1. **State the problem:** We want to find the amount of money in an account after 25 years if 1600 dollars is deposited at an annual interest rate of 5.25%, compounded annually.
2. **Formula used:** The formula for compound interest is $$A = P \left(1 + \frac{r}{n}\right)^{nt}$$ where:
- $A$ is the amount of money accumulated after $t$ years, including interest.
- $P$ is the principal amount (initial money).
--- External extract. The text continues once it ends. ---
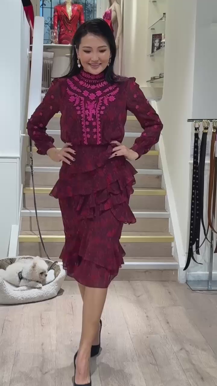 BORDEAUX coat with large Fox fur collar. It has pockets and closes with 2 buttons. Comfortable, abundant fit, it is recommended to order one size less; medium length (arrives above the knee). This garment is also available in the variant in ecological fur, or without fur: contact us for more info and any requests.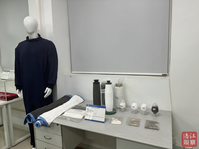 “我们突破了在高分子材料中辐射防护功能组元高填充的关键技术。”周元林教授指着成品介绍,从而形成的高填充纤维具有较好可纺性,制备出防辐射和穿戴舒适的纤维织物及其可穿戴制品。这也是目前国内首套具有辐射防护功能,又具备透气透湿性的特种功能辐射防护服。

- $r$ is the annual interest rate (decimal).
- $n$ is the number of times interest is compounded per year.
- $t$ is the number of years.
3. **Given values:**
- $P = 1600$
- $r = 5.25\% = 0.0525$
- $n = 1$ (compounded annually)
- $t = 25$
4. **Substitute values into the formula:**
$$A = 1600 \left(1 + \frac{0.0525}{1}\right)^{1 \times 25} = 1600 \left(1 + 0.0525\right)^{25} = 1600 \times 1.0525^{25}$$
5. **Calculate the power:**
$$1.0525^{25} \approx 3.6533$$
6. **Calculate the amount:**
$$A = 1600 \times 3.6533 = 5845.28$$
7. **Final answer:** After 25 years, the account will have approximately **5845.28** dollars.